### PROMPT
Identify and pull out each line of the entries in which "that" occurs.

### SUPPLIED ENTRIES
• • • • • • •
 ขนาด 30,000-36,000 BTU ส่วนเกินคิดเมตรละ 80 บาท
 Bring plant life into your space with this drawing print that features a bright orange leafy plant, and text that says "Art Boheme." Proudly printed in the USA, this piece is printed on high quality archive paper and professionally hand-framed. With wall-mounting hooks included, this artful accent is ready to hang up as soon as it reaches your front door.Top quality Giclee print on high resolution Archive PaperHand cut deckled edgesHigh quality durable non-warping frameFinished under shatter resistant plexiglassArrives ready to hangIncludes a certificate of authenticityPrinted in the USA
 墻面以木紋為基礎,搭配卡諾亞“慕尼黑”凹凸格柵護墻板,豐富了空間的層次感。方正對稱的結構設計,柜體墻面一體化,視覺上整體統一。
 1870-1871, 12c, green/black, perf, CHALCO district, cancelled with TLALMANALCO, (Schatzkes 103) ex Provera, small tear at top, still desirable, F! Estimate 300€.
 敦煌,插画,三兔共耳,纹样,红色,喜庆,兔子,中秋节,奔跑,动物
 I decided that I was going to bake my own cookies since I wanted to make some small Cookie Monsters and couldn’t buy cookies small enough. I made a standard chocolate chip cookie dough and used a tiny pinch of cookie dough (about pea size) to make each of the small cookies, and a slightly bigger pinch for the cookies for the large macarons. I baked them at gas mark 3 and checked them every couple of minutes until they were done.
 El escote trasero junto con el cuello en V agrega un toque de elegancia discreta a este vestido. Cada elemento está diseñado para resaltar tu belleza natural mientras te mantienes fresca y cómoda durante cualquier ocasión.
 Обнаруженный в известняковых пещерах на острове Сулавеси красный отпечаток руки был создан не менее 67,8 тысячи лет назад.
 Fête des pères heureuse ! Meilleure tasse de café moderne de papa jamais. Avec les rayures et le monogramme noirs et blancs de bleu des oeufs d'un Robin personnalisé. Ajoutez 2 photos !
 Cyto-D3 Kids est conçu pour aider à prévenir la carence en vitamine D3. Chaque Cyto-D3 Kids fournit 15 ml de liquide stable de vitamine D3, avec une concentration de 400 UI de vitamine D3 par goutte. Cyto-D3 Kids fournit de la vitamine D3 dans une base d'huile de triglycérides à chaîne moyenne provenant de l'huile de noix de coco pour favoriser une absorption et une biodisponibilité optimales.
• • • • • • •
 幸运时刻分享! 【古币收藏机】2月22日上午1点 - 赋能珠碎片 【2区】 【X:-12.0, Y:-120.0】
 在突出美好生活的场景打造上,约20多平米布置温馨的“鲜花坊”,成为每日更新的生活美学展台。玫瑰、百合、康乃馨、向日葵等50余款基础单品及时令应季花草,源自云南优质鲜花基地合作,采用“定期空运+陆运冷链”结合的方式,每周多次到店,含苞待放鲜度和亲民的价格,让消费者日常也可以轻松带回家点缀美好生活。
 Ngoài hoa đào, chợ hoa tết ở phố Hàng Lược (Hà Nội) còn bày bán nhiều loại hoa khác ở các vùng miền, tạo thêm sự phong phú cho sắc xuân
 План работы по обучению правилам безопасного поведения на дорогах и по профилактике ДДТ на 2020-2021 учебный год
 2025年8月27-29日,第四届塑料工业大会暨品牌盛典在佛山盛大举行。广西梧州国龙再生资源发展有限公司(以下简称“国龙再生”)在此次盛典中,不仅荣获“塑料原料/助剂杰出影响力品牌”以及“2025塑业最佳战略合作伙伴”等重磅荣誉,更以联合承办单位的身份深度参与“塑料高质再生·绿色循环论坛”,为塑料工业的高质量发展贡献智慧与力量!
• • • • • • •
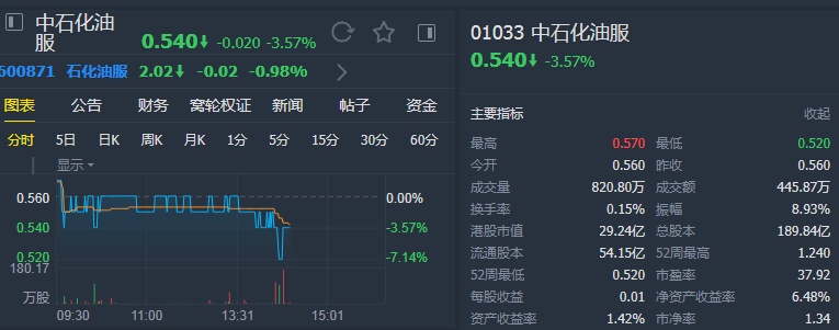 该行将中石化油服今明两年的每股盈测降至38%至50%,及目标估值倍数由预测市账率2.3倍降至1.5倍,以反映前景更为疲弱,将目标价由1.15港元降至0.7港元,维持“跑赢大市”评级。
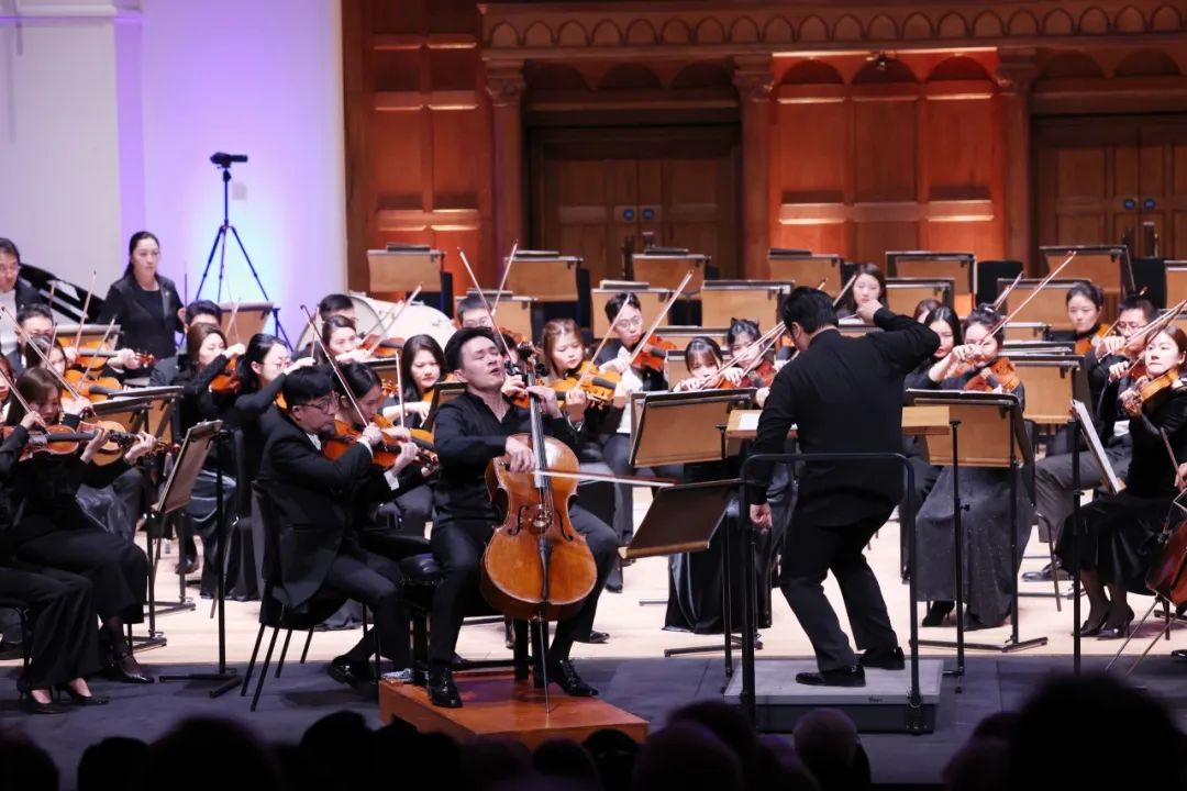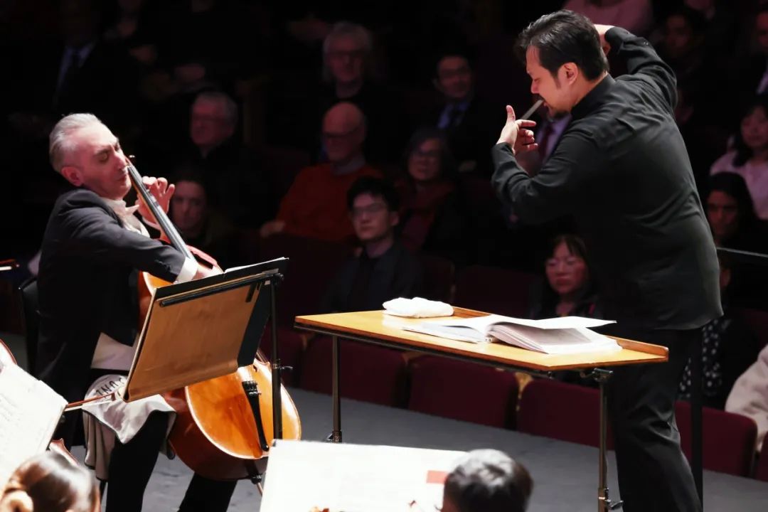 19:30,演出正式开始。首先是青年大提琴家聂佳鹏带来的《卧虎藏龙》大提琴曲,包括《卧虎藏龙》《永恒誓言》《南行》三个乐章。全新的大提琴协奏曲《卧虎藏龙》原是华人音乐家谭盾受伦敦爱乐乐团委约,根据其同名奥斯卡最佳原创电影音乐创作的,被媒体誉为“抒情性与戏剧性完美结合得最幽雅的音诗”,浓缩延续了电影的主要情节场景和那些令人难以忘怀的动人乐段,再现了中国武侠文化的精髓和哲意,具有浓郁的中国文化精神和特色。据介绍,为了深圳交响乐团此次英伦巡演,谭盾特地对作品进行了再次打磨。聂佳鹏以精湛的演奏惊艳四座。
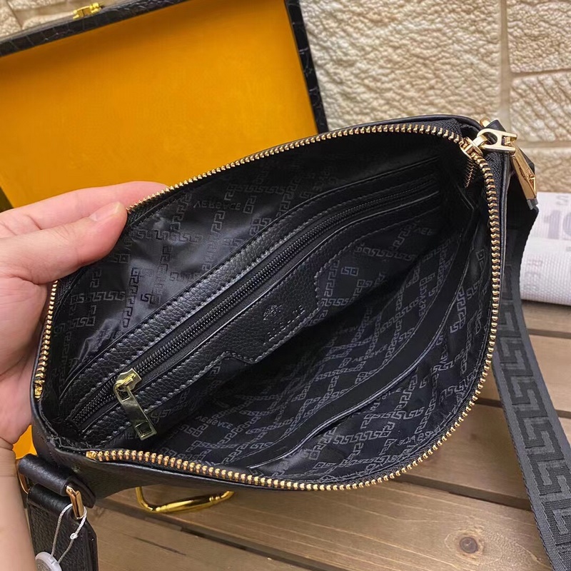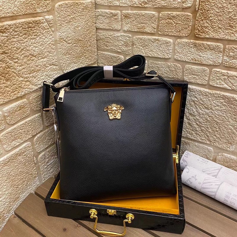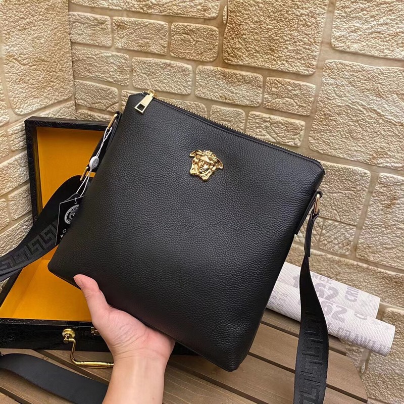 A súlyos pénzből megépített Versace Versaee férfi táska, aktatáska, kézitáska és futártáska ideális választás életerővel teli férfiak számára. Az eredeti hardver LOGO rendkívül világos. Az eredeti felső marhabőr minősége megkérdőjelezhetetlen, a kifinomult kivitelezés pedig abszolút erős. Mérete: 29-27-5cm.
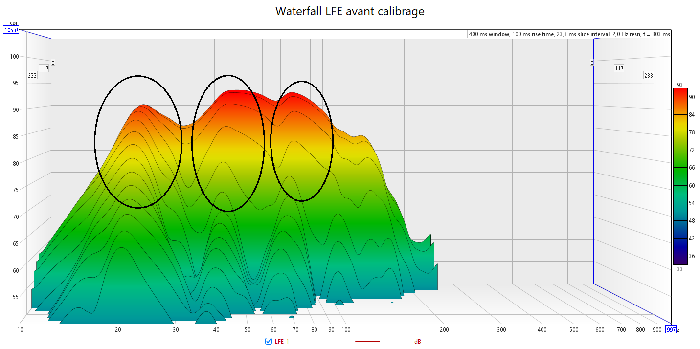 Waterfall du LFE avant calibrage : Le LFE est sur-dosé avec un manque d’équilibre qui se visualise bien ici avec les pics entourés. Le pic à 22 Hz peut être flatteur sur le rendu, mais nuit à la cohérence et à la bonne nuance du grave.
• • • • • • •
### RESPONSE TO THE TASK
 Bring plant life into your space with this drawing print that features a bright orange leafy plant, and text that says "Art Boheme." Proudly printed in the USA, this piece is printed on high quality archive paper and professionally hand-framed. With wall-mounting hooks included, this artful accent is ready to hang up as soon as it reaches your front door.Top quality Giclee print on high resolution Archive PaperHand cut deckled edgesHigh quality durable non-warping frameFinished under shatter resistant plexiglassArrives ready to hangIncludes a certificate of authenticityPrinted in the USA
 I decided that I was going to bake my own cookies since I wanted to make some small Cookie Monsters and couldn’t buy cookies small enough. I made a standard chocolate chip cookie dough and used a tiny pinch of cookie dough (about pea size) to make each of the small cookies, and a slightly bigger pinch for the cookies for the large macarons. I baked them at gas mark 3 and checked them every couple of minutes until they were done.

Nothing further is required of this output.